CLS, or Chronic Lycanthropy Syndrome, seemed to be the latest step in the evolution of impulsivity disorders, and it soon became the new diagnostic darling of the pediatrician and child psychiatrists’ offices. Children displayed the full range of symptoms by early adolescence, and often those that couldn’t be cured or drugged into submission would just disappear or end up in the correctional system.

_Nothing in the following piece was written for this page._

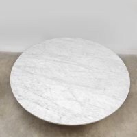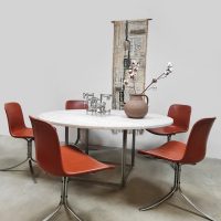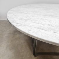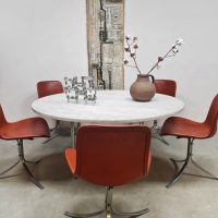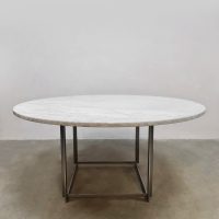 Unique find! Deze bijzondere vintage ronde eettafel past weer helemaal in low dining trend van nu. Een ontwerp van Poul Kjaerholm en geproduceerd door Fritz Hansen. Dit minimalistische design object is absoluut een must have voor de liefhebber van Deens design. De PK54 is een tijdloos design voorzien van een metalen onderstel en een marmeren blad. Het marmer komt uit Italië en heeft een prachtige adering. Het blad heeft een fraaie ruwe structuur. De combinatie van het natuurlijke materiaal marmer en het harde metaal geeft deze tafel een imposante uitstraling. Absoluut een investering in het interieur. Gezien de leeftijd in een goede conditie. Staat deze indrukwekkende tafel binnenkort in jouw interieur te stralen? Absoluut een must have!
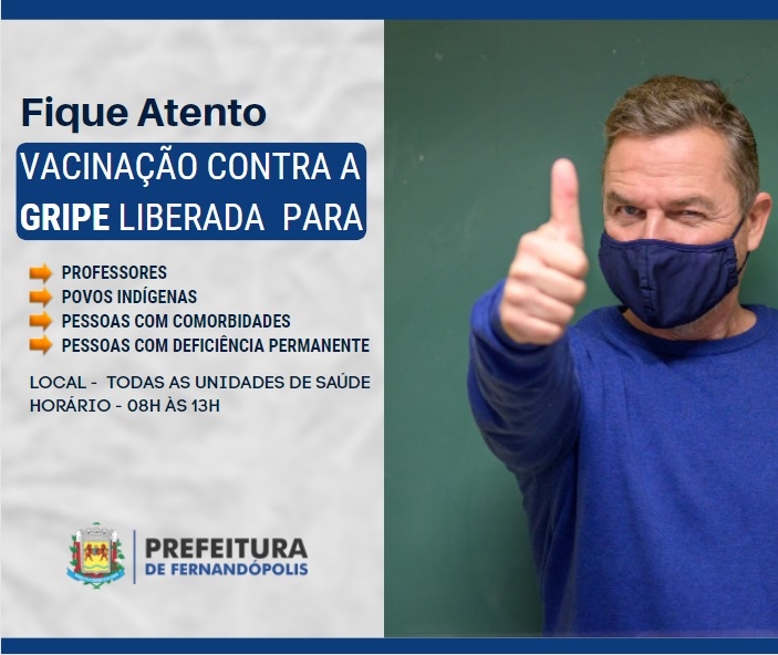 Desde ontem, a Secretaria Municipal de Saúde começou a imunizar contra a influenza (gripe) professores, indígenas, pessoas portadoras de deficiência e com comorbidades. As vacinas podem ser aplicadas em qualquer unidade de saúde do município, das 08h às 13h.

My research centered on finding a common thread. I’d investigated familial patterns, but I felt like there was something missing. Something was making these rare genes express, but why now? Was it some environmental toxin? A virus? Just before the lab had burned, I had acquired boxes of these children’s medical records, particularly from western Tennessee and the Ozark region of Arkansas, where families of Germanic and Scandinavian descent abounded. The Scandinavian culture had the most sophisticated spiritual explanation for werewolves…and the highest incidence of CLS.
And now, here in the Ozarks, I was face-to-face with an adult CLS sufferer. I sat across from him in the booth pretending to study my menu and bit my lip to keep the questions from flooding off my tongue. How long have you had it? When were you diagnosed? Were you a hyper kid? What illnesses did you have? Do you know anyone else with CLS?